He gave her the name and address and walked into the restaurant exactly half an hour later—and though he had one of those brief moments when he wondered why he was doing someone else’s investigation while on leave, it passed pretty quick.

The apartment. Those close walls. It was a relief to be out of there for a little while. He wasn’t anything apparently without the detective part of Jason Santiago. Maybe Kate was right, maybe he was a case study someone could get a Ph.D. analyzing if they wanted to bother with it, but he wasn’t positive he was that complicated.

His job was the machine that drove the man. Hmm. Sounded like a bad movie.

He’d chosen a steak place that had the advantage of not being so noisy a person had to shout across the table, but wasn’t dressy either. Good thing, as Danni arrived wearing shapeless slacks that he was sure she thought hid those few extra pounds, and a summer blouse over a camisole top.

There was decent atmosphere. Low lights, nice booths, vague piped-in music. There was also a bar with a polished top and racks of bottles. Nice but not expensive. Waiters in tuxedos were not his thing, no matter how good the food they served might be.

“Hi,” she said, sitting down. “I’m … here. I guess that’s it, I’m here … thanks for asking me out. I mean, I know you aren’t asking me out…”

The first sentence sputtered to an end and he got the sentiment right away from the gloss of tears in her eyes.

Problem one: he was not the world’s most sensitive guy, but he tried. “Hey, we’re friends, right? I tell you what, let’s catch up on what’s going on in the department and order our food, and after we eat, we’ll talk about more serious stuff. Sound reasonable?”

Her tremulous smile spoke volumes. “Sure. I’ve had enough serious to last a lifetime.”

Normally he would have thought to himself that Grasso owed him, but this was as much about friendship as anything he could do for the lieutenant. She ordered a rib eye—medium—cottage fries, and a salad with oil and vinegar—on the side—and he got basically the same thing, except he opted for blue cheese dressing.

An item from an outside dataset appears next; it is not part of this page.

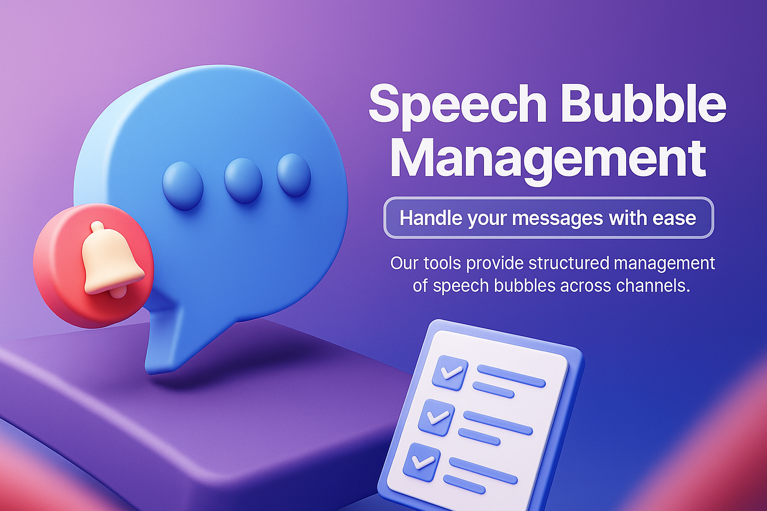 /Collection: /by davooda/Type: PNG/This image features a 3D mockup for website design, showcasing a speech bubble with a notification bell and a checklist. The design uses a smooth gradient background and emphasizes clear text hierarchy.

He also asked for a glass of Merlot. Hey, he was taking a cab. Next week he saw the doctor and should be cleared for driving, especially when he told his physician he wasn’t taking the pain meds any longer.

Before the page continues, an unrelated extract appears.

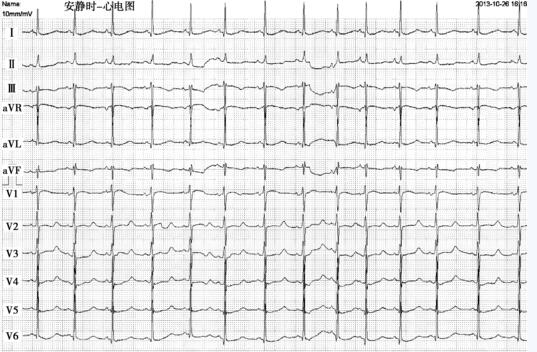心肌酶学:CK 1600U/L,CK-MB 59.5U/L,肌钙蛋白I 0.76ng/ml。心电图:窦性心律;频发房性期前收缩;Ⅰ、a VL、V 4~V 6导联ST段压低0.05~0.1m V, T波低平 (图95-1)。动态心电图:窦性心律;阵发房颤伴快速心室反应,伴室内差异性传导;室性期前收缩3次/24小时,房性期前收缩16 868次/24小时,短阵房速6次/24小时;冠状动脉供血不足。超声心动图:各心腔大小、室壁运动幅度正常,左室假腱索,左室舒张功能下降,左室收缩功能正常。

Having his autonomy taken away had been probably the most difficult thing about his recovery. Besides, he drove a sweet vintage Mustang, fully restored, and that of itself was a pleasure, pure and simple, he’d been denied for weeks.

“You come here much?” She asked it as if she was actually interested in the answer and he appreciated the effort, since he doubted she was.

“No.” He and Kate had, once or twice, but this wasn’t the time to think about that. “The food is good, you don’t have to wear a tie, and it isn’t a chain. I have no idea why I have such a problem with that.”

“Meaning?”

“I don’t enjoy knowing I am going to be served the exact same thing each time.”

“It’s the job. Different every single day.” Her amber eyes filled with tears again. “You just don’t know what to expect when you get up in the morning.”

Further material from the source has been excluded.